Eli Lilly & Co. and Novo Nordisk A/S are asking a federal court to reject legal protections to drug compounders making copycat versions of the weight loss drug tirzepatide.

The two drugmakers moved Tuesday in the legal battle between the Food and Drug Administration and drug compounders over whether the the FDA lawfully determined that Lilly’s tirzepatide—a diabetes and obesity treatment branded as Mounjaro and Zepbound—is no longer in short supply in the US.

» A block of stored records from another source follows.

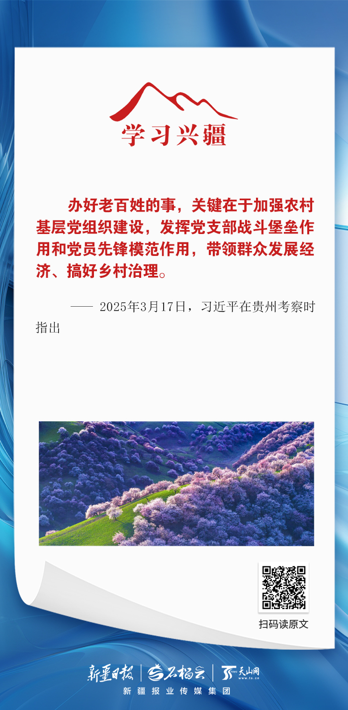 学习兴疆丨办好老百姓的事,关键在于加强农村基层党组织建设天山网 2026-03-17 17:25:48办好老百姓的事,关键在于加强农村基层党组织建设,发挥党支部战斗堡垒作用和党员先锋模范作用,带领群众发展经济、搞好乡村治理。——2025年3月17日,习近平在贵州考察时指出责任编辑:阿依提拉·图尔荪
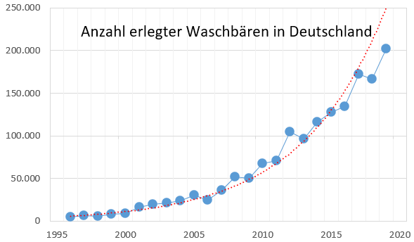 Wie aus der Grafik hervorgeht, sind die Erlegungen von 1995 bis 2020 sehr stark angestiegen. Ein exponentieller Fit beschreibt die Entwicklung bisher relativ gut. In wie weit die Erlegungen ein exponentielles Wachstum des tatsÀchlichen Bestands wiedergeben ist fraglich. Im Jagdjahr 1996/1997 wurden 5.059 WaschbÀren erlegt. 2009/2010 waren es bereits 49.785 Tiere, 2019/2020 dann der bisherige Höchstwert von 202.293 WaschbÀren. Erlegungen von Procyon lotor folgen damit einem Trend bei etlichen Wildarten, die als Kulturfolger ein hohes Anpassungspotenzial an sich verÀndernde Umweltbedingungen zeigen, die Jagdstrecke von Wildschweinen nimmt ebenfalls stark zu.
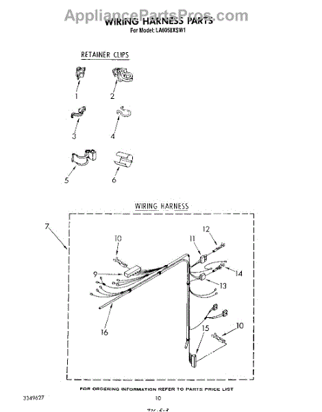 Parts for Whirlpool LA6058XSW1: 09 - Wiring Harness Parts
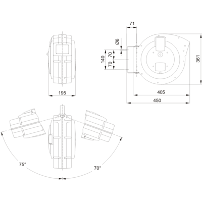 - Wspiera ramy ścienne, wykonane ze stali, obraca się 145 °
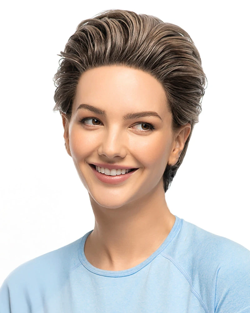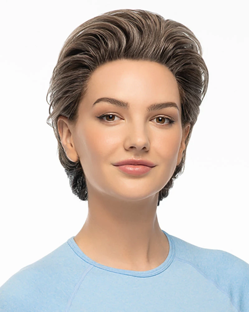 Light & Airy is expertly crafted with the worlds lightest wig fiber, Look Fabulous Realistic, delivering an unparalleled replication of the natural movement, luxurious look, and feel of fine human hair. Its directional, hand-knotted ear-to-ear lace front and strand-by-strand hand-knotted top create an undetectable hairline and seamless parting, offering a level of natural flow. With carefree low-density body waves that can be styled straight or left wavy, this piece is designed to impress. The back tapers at the nape for a meticulously refined silhouette that exudes elegance and sophistication.
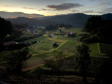 古民家に戻った参加者に山本さんが「追谷たたら絵巻」を上映し地域の歴史を伝えた。日没が近づくと追谷棚田展望所へ行き、たたら製鉄の材料となる砂鉄を採取するために切り崩されてできた棚田に明かりがともされた幻想的な風景を楽しんだ。古民家に戻ると古谷さんが和ハーブを使った調理を披露。参加者全員で夕食を楽しんだ。
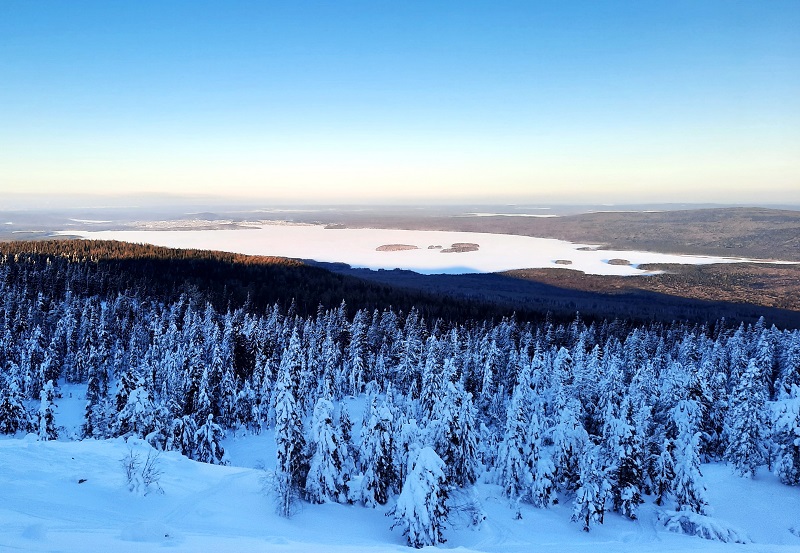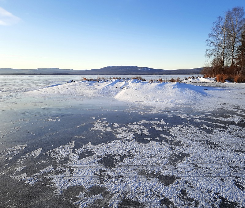 Справа возвышается гора Белая, слева находится остров Сосновый. Интересно идти на лыжах: снег плотный, утрамбованный сильным ветром. Идешь на лыжах и не проваливаешься в снег.
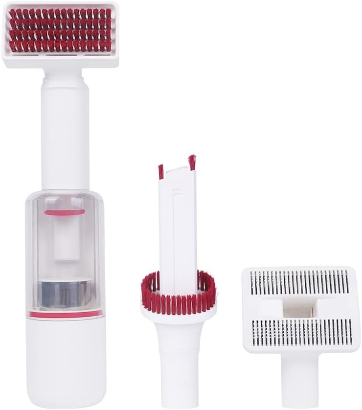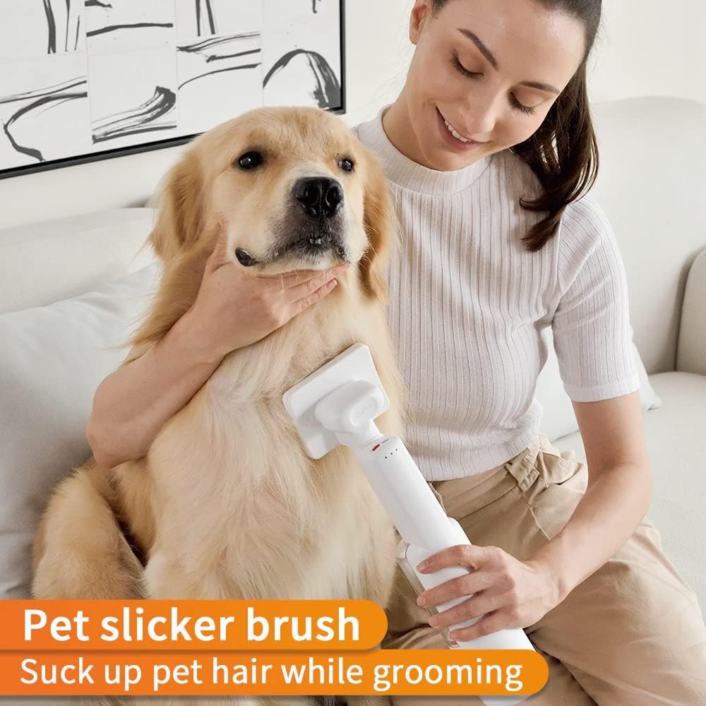 【Multiple accessories】this pet vacuum comes with 3 different brushes: one slicker brush for pet grooming & deshedding, one 2-in-1 crevice nozzle for cleaning narrow gaps, and one upholstery brush.
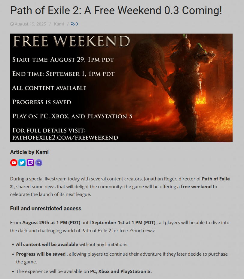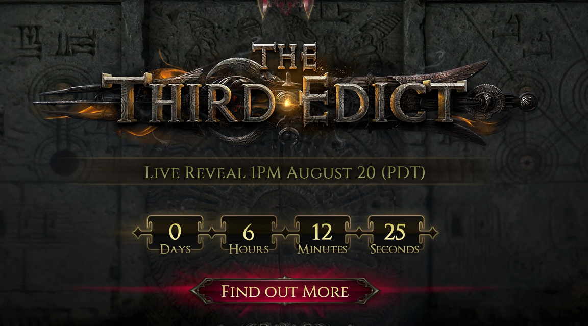 Events: Free weekend (Aug 29–Sep 1) with full access. “Dawn of the Hunt” league ends Aug 27; new update “The Third Edict” launches Aug 29, with a reveal live stream slated for Aug 21.
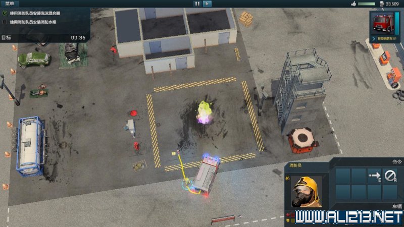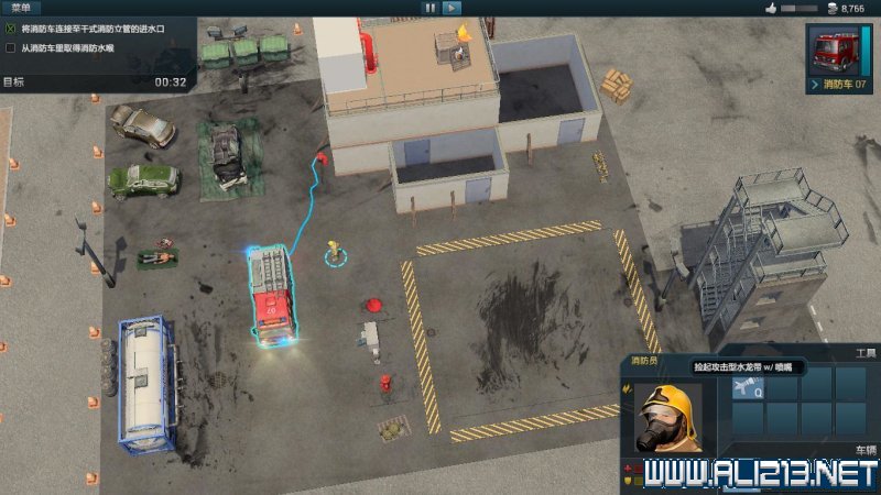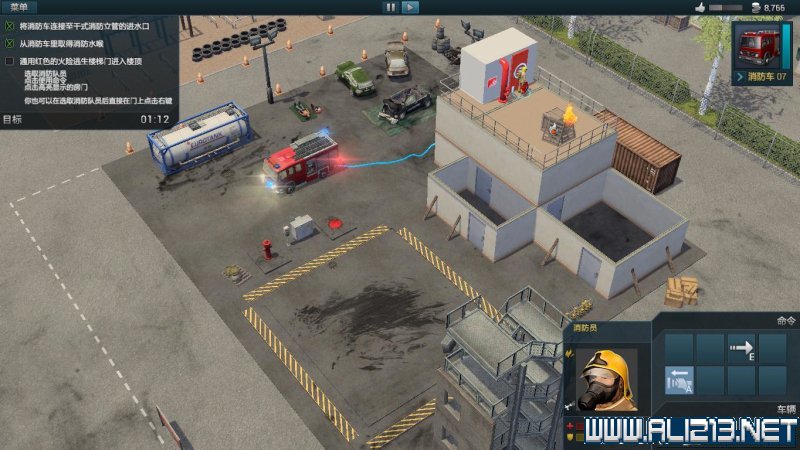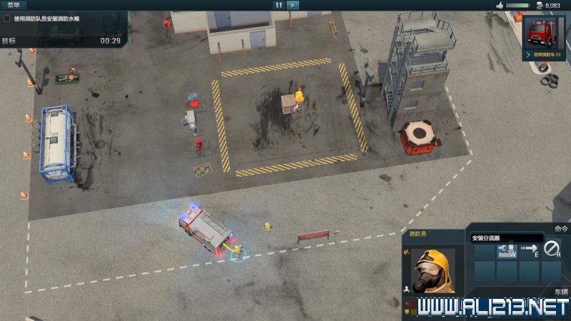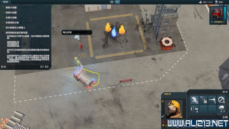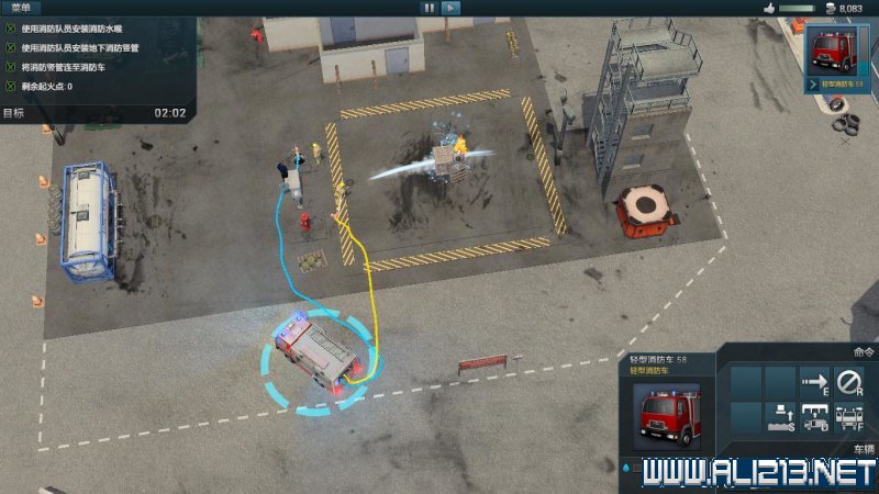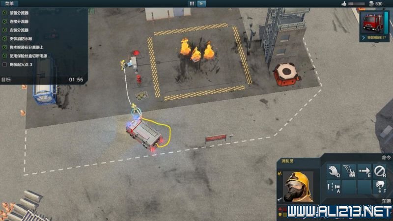随后点击手提着消防软管的消防员,此时消防员命令栏中会出现一个“拼接”的命令,将软管拼接到消防车上。

The Outsourcing Facilities Association and FarmaKeio Custom Compounding filed in January a motion for preliminary injunction in the US District Court for the Northern District of Texas that would prohibit the FDA from taking any action against them while they compound tirzepatide.

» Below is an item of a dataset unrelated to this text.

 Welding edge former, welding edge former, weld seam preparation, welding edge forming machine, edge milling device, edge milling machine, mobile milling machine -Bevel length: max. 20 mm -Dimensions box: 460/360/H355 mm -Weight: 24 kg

Lilly as an intervenor in the case, said Tuesday that the compounders can’t satisfy the factors for a preliminary injunction because they haven’t shown a risk of irreparable harm from the FDA’s decision.

“Plaintiffs fall well short of making any—let alone all—of those showings,” Lilly wrote in its opposition response. “Their claims are doomed on the merits, they have shown no risk of irreparable injury, and the equities strongly cut against allowing compounders to continue selling unapproved, untested, and often unsafe knockoffs of Lilly’s FDA-approved medicines.”

Novo, which manufacturers and sells blockbuster drugs Ozempic and Wegovy to treat diabetes and obesity, also moved Tuesday in an amicus brief supporting Lilly and the FDA.

The company argued that an injunction wouldn’t protect patients because they “would likely be harmed” if the court were to “enjoin FDA’s shortage decision and greenlight further compounding.”

The evidence submitted to the FDA to prove that the shortage remains also wasn’t sufficient, Novo argued, pointing to patient reports from “online reporting systems without any meaningful data integrity controls” and screenshots “purporting to show unavailability of approved drugs.”

“In any event, FDA rightly concluded that localized supply disruptions may exist even when there is not a nationwide drug shortage,” Novo wrote.

The Outsourcing Facilities Association did not immediately respond to a request for comment.

Lilly is represented by Kelly Hart & Hallman LLP, Clement & Murphy PLLC, and Kirkland & Ellis LLP.

Novo is represented by Covington & Burling LLP and Bowman and Brooke LLP.

The case is Outsourcing Facilities Association et al v. United States Food and Drug Administration, N.D. Tex., No. 4:24-cv-00953, opposition reply 2/18/25.